HMS Window Cleaning

Top Window Washing Tools: How to Choose

Top Window Washing Tools: How to Choose

Window washing tools come in all shapes and sizes, but they all have one common goal-to clean your windows. There are a variety of tools you can use to clean your windows, including squeegees, scrapers, washers and more. You can also buy a window cleaning kit that comes with a variety of different tools to help you get the job done.

Top Window Washing Tools: How to Choose
Top Window Washing Tools: How to Choose


This is the most common type of window washing tool. They are lightweight and easy to use, which makes them a popular choice among homeowners. However, they can be less effective than other tools at removing grime or cleaning difficult-to-reach spots. You’ll also need to purchase separate washer fluid for your squeegee if you don’t want streaky windows.

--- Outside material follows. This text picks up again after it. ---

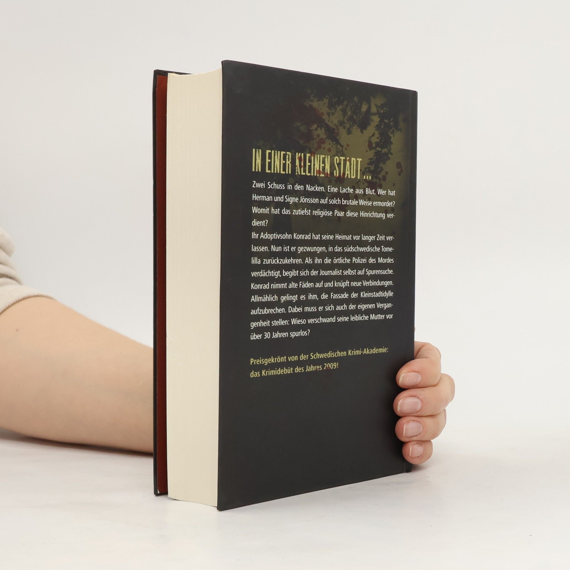 In einer kleinen Stadt: Zwei Schuss in den Nacken. Eine Lache aus Blut. Wer hat Herman und Signe Jönsson auf solch brutale Weise ermordet? Womit hat das zutiefst religiöse Paar diese Hinrichtung verdient? Ihr Adoptivsohn Konrad hat seine Heimat vor langer Zeit verlassen. Nun ist er gezwungen, in das südschwedische Tomelilla zurückzukehren. Als ihn die örtliche Polizei des Mordes verdächtigt, begibt sich der Journalist selbst auf Spurensuche. Konrad nimmt alte Fäden auf und knüpft neue Verbindungen. Allmählich gelingt es ihm, die Fassade der Kleinstadtidylle aufzubrechen. Dabei muss er sich auch der eigenen Vergangenheit stellen: Wieso verschwand seine leibliche Mutter vor über 30 Jahren spurlos? Preisgekrönt von der Schwedischen Krimi-Akademie: Das Krimidebüt des Jahres 2009!

These scrapers are often made out of metal, wood, rubber or plastic. The blades are typically designed to fit into grooves in window frames that have become filled with dirt or grime over time. These tools are generally considered safer than squeegees because there’s no risk damaging the glass while you clean.


These are the most effective tools you can use to clean your windows. A washer gives you access to both sides of the glass, which allows you to scrub away any dirt or grime that’s built up over time. These are most often found in kits that include several types of window cleaning tools-which is why they’re not as popular among homeowners who prefer using specific tools for specific jobs.

Cleaning Tools Kits 

If you want a simple way to ensure all of your window washing needs are met, consider purchasing a kit. You’ll receive all of the tools necessary to get started with your window washing project, including squeegees, scrapers and washers.

Window washer’s tool belt 

A window washer’s tool belt is designed to help you clean windows that are difficult to reach with other tools. They include a strap that fits around your waist and suspends the belt at hip level. This allows you to sit on windowsills or use ledges as foot rests to gain access to high-up windows.